Licensed under the Apache License, Version 2.0 (the "License");

# Photometric Redshift Estimation with TensorFlow - Part III: Training a CNN with Keras

Author: [@EiffL](https://github.com/EiffL) (Francois Lanusse)

### Overview

In this tutorial, we learn how to combine Keras, TensorFlow Probability, and Google Colab to train a model for photo-z inference in the cloud.

We will be using data from the HSC Survey, and more specifically from the Public Data Release 2, which can be found here: https://hsc-release.mtk.nao.ac.jp/doc/


The dataset contains postage stamps of galaxies in 5 HSC bands, along with corresponding spectroscopic redshifts.

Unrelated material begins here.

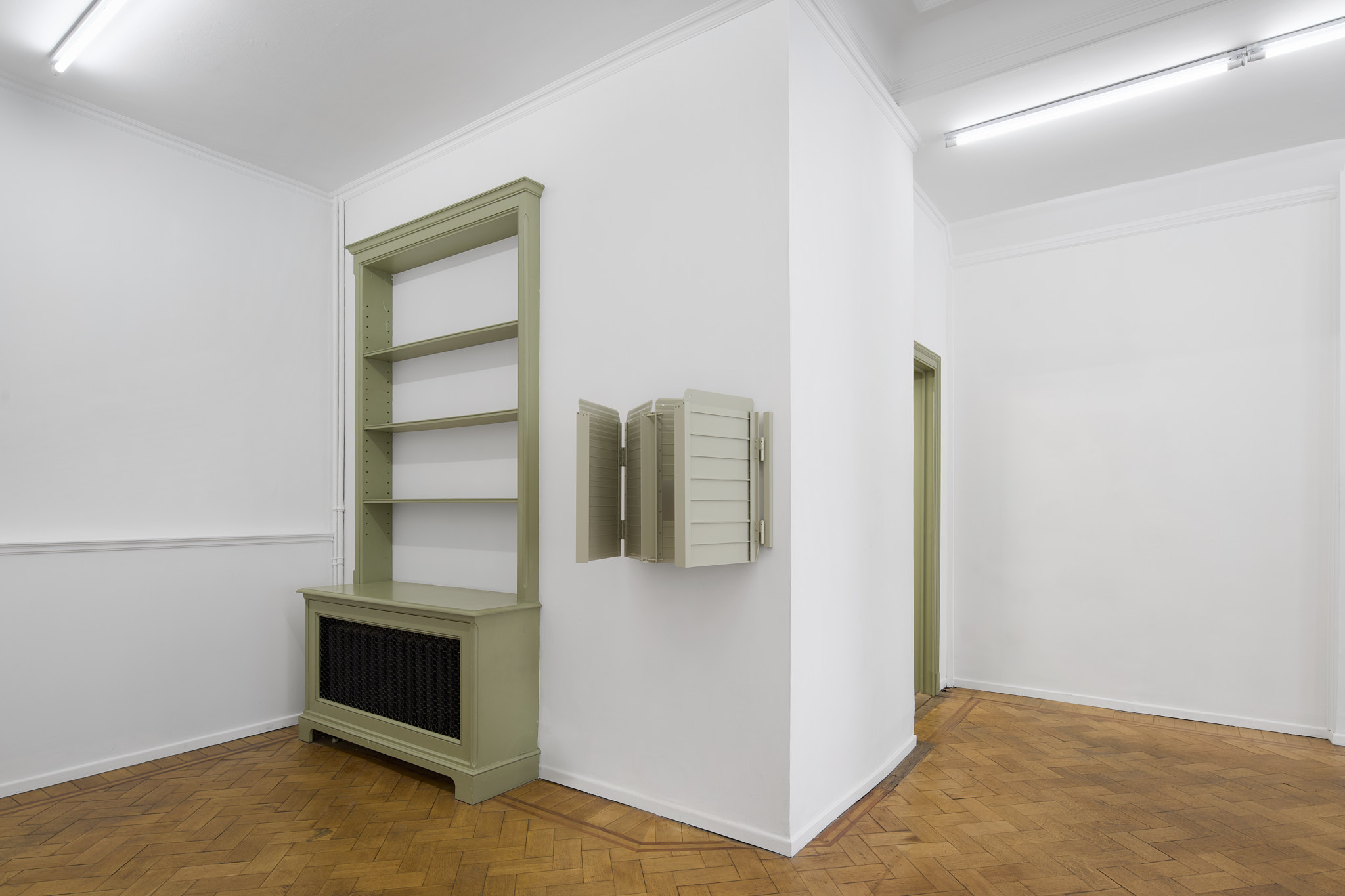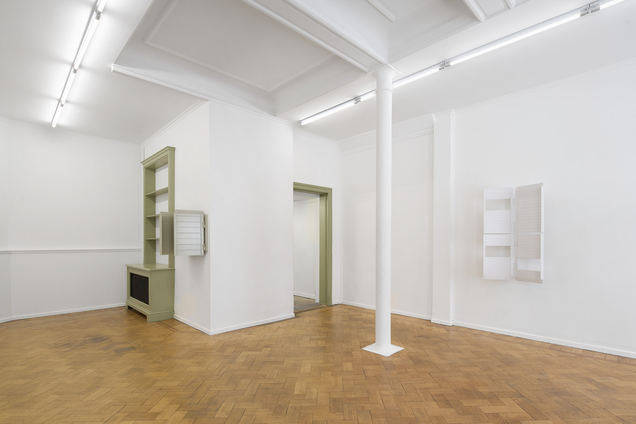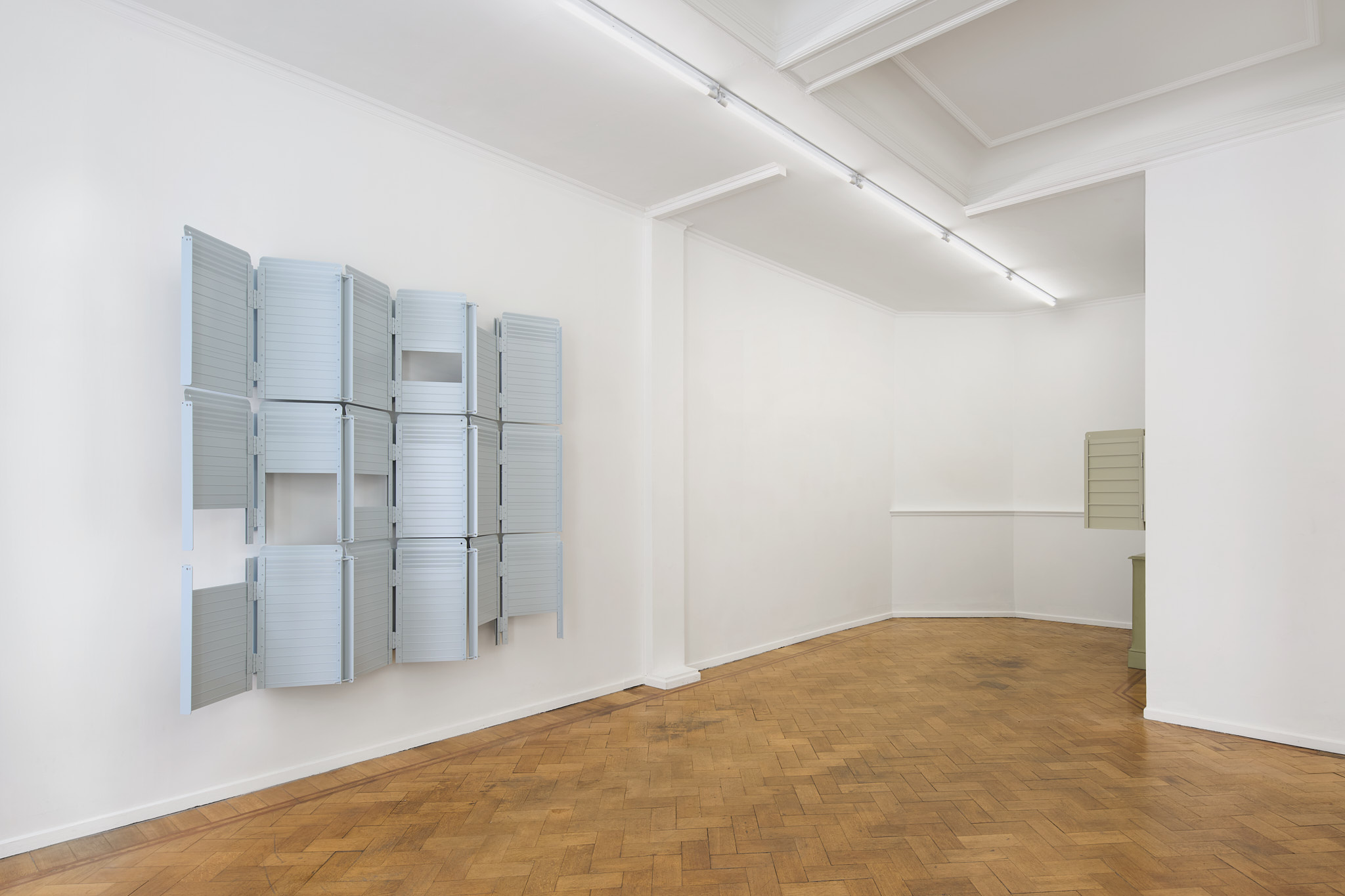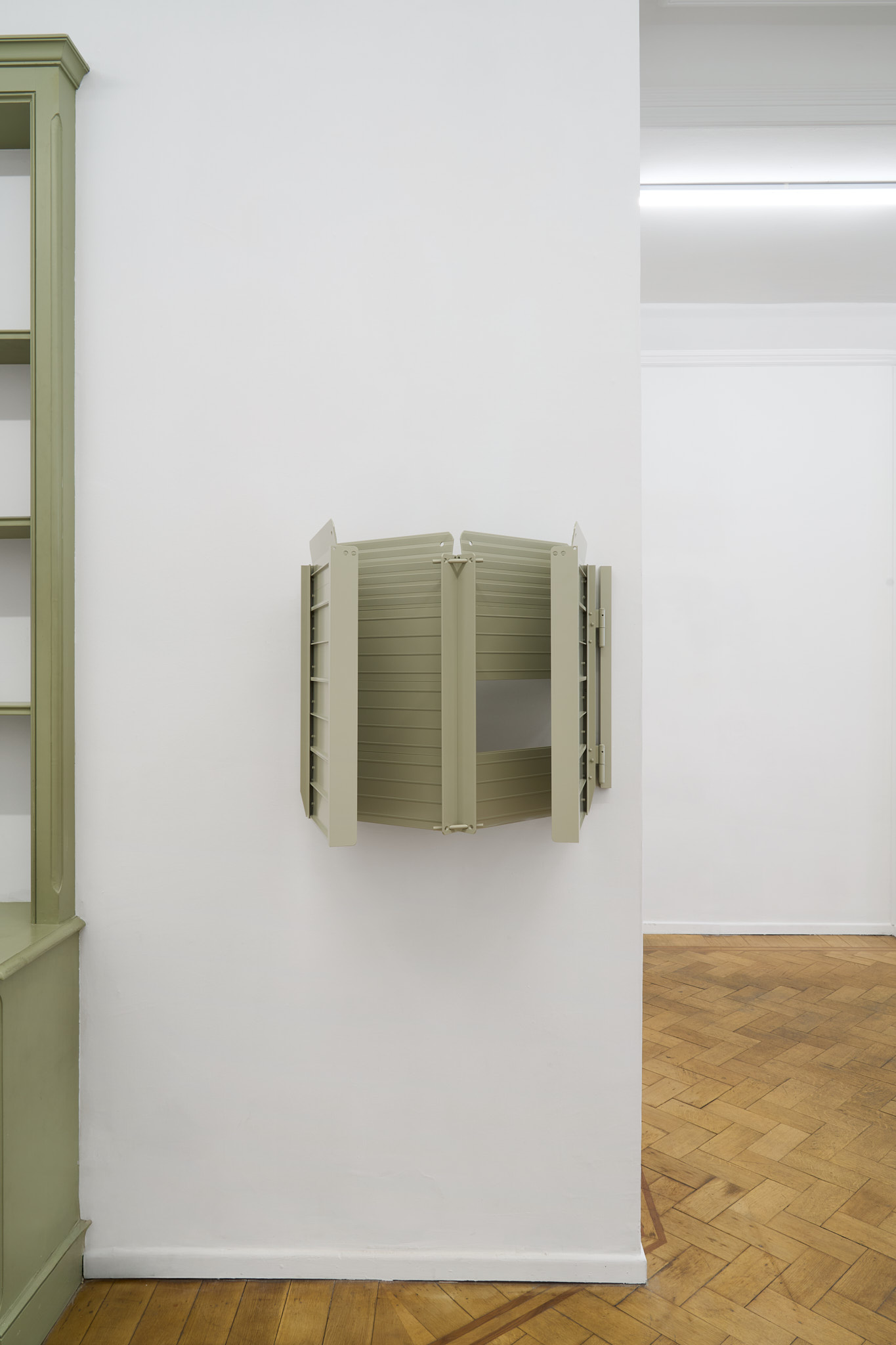 This new body of work by JUDITH KAKON evokes the artist’s interest in vision, both as the literal act of viewing and the idea of imagination. Her investigation typically starts with common objects. A series of foldable ramps used to facilitate access through doors over stairs are altered, re-purposed, and lacquered.

Our goal will be to estimate redshift just by looking at a picture of a galaxy.

### Learning objectives

In this notebook, we will learn how to:
*   Build a tf.data.Dataset input pipeline.
*   Build a simple convolutional neural network with Keras.
*   Train a model on GPUs in the cloud.
*   (Stretch Goal) Use TensorFlow Probability to make a probabilistic model.

Note: this Tutorial was originaly presented at [Astro Hack Week 2019](https://github.com/AstroHackWeek/AstroHackWeek2019/tree/master/day4_bayesiandeep).

### Instructions for enabling GPU access

By default, notebooks are started without acceleration. To make sure that the runtime is configured for using GPUs, go to `Runtime > Change runtime type`, and select GPU in `Hardware Accelerator`.



### Installs and Imports

In [None]:
# Retrieving utilities
!git clone https://github.com/EiffL/Tutorials.git
%cd Tutorials/PhotozCNN

# Retrieving pre-prepared data, it takes 2 minutes.
!gsutil -m -q cp -r gs://ahw2019/hsc_photoz/tensorflow_datasets /root/ 

### Checking for GPU access

In [None]:
import tensorflow as tf

#Checking for GPU access
if tf.test.gpu_device_name() != '/device:GPU:0':
  print('WARNING: GPU device not found.')
else:
  print('SUCCESS: Found GPU: {}'.format(tf.test.gpu_device_name()))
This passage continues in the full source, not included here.